Biblio should do imcremental imports. [#118000]

I did the initial import of the database from endnote, of about 2500 entries, and it did loaded the entire file in 1 go.

With the features of Drupla 4.7 you should be able to do imcremental imports so that memory requirements are not that large and there is no chance of a time out.

Comments

Comment #1

rjerome CreditAttribution: rjerome commented 11 February 2007 at 13:47

Good idea, but I'm not sure how I would handle it. What format are you using for import?

I'll have to check an see what's the biggest memory/time waster, the parsing or the DB inserts (I suspect it's the inserts, since they are done one at a time through the standard "node_save" mechanism.

Comment #2

gordon CreditAttribution: gordon commented 11 February 2007 at 21:54

I am actually using the XML format to do imports.

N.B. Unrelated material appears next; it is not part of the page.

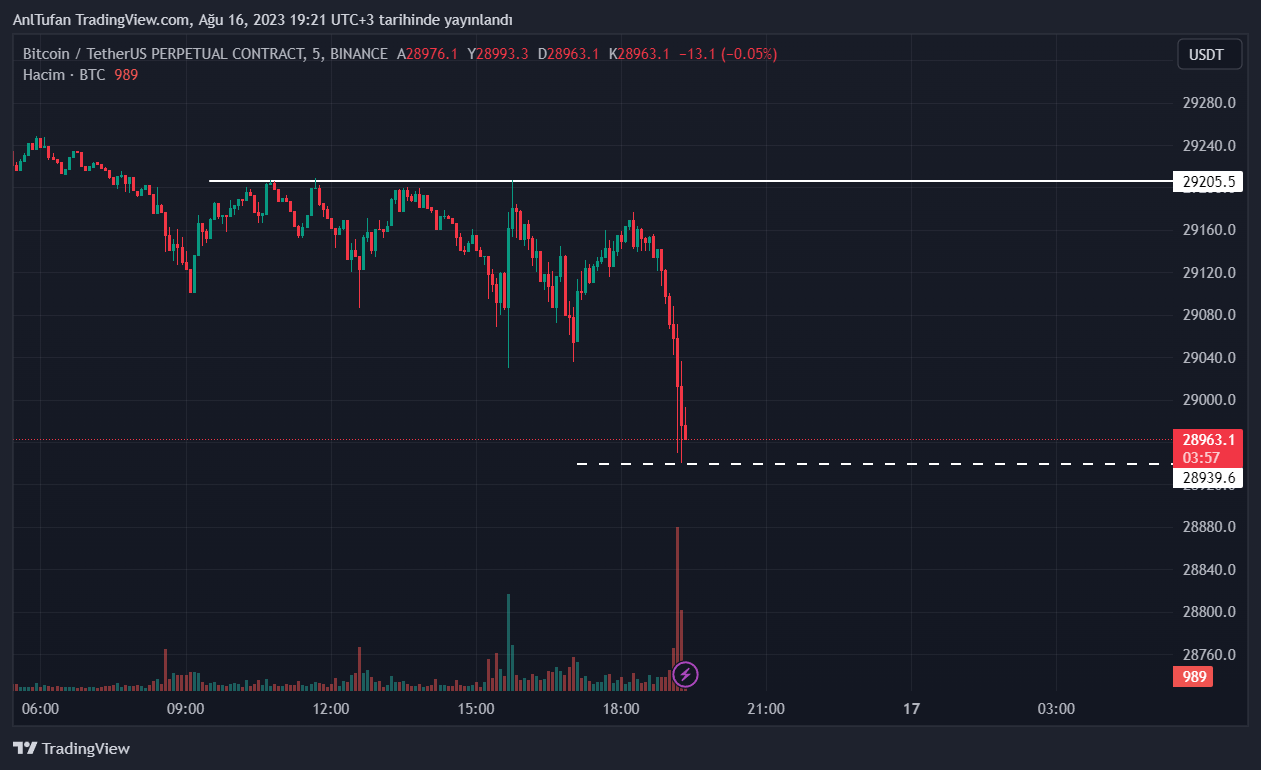 Bir süredir 29.200 dolar seviyesinden reddedilen Bitcoin, son dakikalarda 29 bin doların da altına sarkarak 28.940 doları gördü. BTC’nin bu düşüşü yine altcoin’leri kötü etkiledi.

I actually started devloping a biblio module to do this early last year, but I never got advanced as your module. I did however have incremental imports running under 4.7. It was most likely slower as it would open the XML file each time, but it used a lot less resources.

Comment #3

rjerome CreditAttribution: rjerome commented 12 February 2007 at 01:04

So you are saying that it parsed the XML file for each entry? (i.e. 2500 times?). Any chance I could see the code maybe I could use some of it.

By the way, how long did it take to import 2500 records? I presume you had to modify the script run time limits to get it to finish.

Comment #4

gordon CreditAttribution: gordon commented 14 February 2007 at 03:40

No, not on each entry, but on each request. And each request would process between 50 and 100 entries.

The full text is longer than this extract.